Таким образом, христиане II и III веков употребляли слово energeia в качестве стандартного термина для обозначения действия Божия как в мире в целом, так и в конкретных чудесных событиях. Как и апостол Павел, они прибегали к нему при описании сверхъестественных воздействий – Бога или демонов. Если учитывать эти особенности словоупотребления, то неудивительно, что они очень редко старались соотнести божественную «энергию» с божественным Логосом и тем самым придать ей существование, отличное от существования Отца. Афинагор пишет, что «Сын Божий есть Слово Отца, как Его идея и как действенная сила (ἐνέργεια), ибо по Нему и чрез Него все сотворено». Чуть далее он добавляет, что Сын «происшел от Него для того, чтобы быть идеею и действенною силою для всех материальных вещей ((ἐπ’ αὐτοῖς ἰδέα καὶἐνέργειαεἶναι)»[255]. Выраженную здесь теорию разделяли все греческие апологеты. В ней различаются две стадии проявления божественного Слова: сокрытое, или предсуществующее, Слово (logos endiathetos), от века присутствующее в Отце, и Слово произнесенное (logos prophorikos), проявленное в творении[256]. Проведенное Афинагором различие между Словом как «идеей» и как «действенной силой» – другой способ обозначить эти две стадии. Интересно, что Афинагор сразу переходит от этого аристотелевского употребления ἐνέργεια как модификатора, указывающего на способ существования Слова, к тому, чтобы говорить более прямо о Слове, исходящем в мир как ἐνέργεια. Это сближает его с авторами других отрывков, которые мы разбирали, например, из «Апостольских Постановлений», где говорится об исполненности людей божественной энергией. Все это свидетельствует о том, что в любом данном контексте опасно ограничивать термин energeia только одним из возможных его значений, будь то деятельность, действительность или энергия. По крайней мере, богословы всегда сохраняют в сознании мысль о том, что божественная деятельность не только эффективнее человеческой, но что она также и более реальна, подобно тому как божественное Слово реальнее, чем любая человеческая речь.
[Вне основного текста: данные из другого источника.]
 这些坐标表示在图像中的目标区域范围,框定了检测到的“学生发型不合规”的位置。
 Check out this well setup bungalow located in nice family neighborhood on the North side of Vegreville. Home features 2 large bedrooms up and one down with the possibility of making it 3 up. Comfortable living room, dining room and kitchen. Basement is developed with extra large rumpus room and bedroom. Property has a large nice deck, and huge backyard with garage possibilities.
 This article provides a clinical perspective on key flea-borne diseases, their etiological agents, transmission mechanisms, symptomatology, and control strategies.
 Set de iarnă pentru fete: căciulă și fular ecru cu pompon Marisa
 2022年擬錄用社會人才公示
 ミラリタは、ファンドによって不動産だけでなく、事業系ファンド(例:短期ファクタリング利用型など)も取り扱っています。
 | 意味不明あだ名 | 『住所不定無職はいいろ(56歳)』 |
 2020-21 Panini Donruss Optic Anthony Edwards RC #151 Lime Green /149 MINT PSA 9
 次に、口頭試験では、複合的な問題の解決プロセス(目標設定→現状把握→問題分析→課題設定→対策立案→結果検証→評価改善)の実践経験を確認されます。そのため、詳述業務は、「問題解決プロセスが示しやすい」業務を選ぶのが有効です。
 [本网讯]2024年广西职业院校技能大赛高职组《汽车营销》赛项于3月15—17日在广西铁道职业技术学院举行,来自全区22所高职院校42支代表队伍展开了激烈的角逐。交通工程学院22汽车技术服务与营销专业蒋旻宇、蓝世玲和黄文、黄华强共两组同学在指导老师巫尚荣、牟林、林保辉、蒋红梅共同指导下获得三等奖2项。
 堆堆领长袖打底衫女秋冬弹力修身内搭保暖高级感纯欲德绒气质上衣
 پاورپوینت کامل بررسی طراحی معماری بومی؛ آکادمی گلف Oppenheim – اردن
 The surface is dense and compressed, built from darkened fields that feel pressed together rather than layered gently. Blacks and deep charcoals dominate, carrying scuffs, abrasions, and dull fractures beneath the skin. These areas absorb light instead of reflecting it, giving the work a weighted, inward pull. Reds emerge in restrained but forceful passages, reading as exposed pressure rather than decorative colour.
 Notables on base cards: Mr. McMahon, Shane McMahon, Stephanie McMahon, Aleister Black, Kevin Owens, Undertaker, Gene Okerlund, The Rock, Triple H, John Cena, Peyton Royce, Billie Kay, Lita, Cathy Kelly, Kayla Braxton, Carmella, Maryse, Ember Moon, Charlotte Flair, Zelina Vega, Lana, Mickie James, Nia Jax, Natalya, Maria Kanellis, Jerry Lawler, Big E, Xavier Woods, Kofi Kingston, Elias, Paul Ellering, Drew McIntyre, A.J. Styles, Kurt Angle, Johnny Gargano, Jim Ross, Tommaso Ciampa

Следующий шаг в процессе отождествления божественной «энергии» и Логоса сделал Климент Александрийский. Говоря о Христе как Господе творения, он уточнил, что «всякое благодеяние (ἐνέργεια) Господа имеет отношение к Вседержителю [то есть Отцу]; Сын является, так сказать, некоей энергией Отца (πατρική τις ἐνέργεια)»[257]. Очевидно, что в данном случае Климент отходит от тезиса, что деятельность Сына тождественна деятельности Отца, и приходит к заключению, что сам Сын есть в некотором смысле energeia Отца. Однако это ему дается с трудом, и вскоре он возвращается к традиционным описаниям Сына как «силы Божией» (1.18-20) или «отчей силы» (VII.2), то есть употребляет выражения, которые восходят к библейскому тексту (1 Кор 1:24).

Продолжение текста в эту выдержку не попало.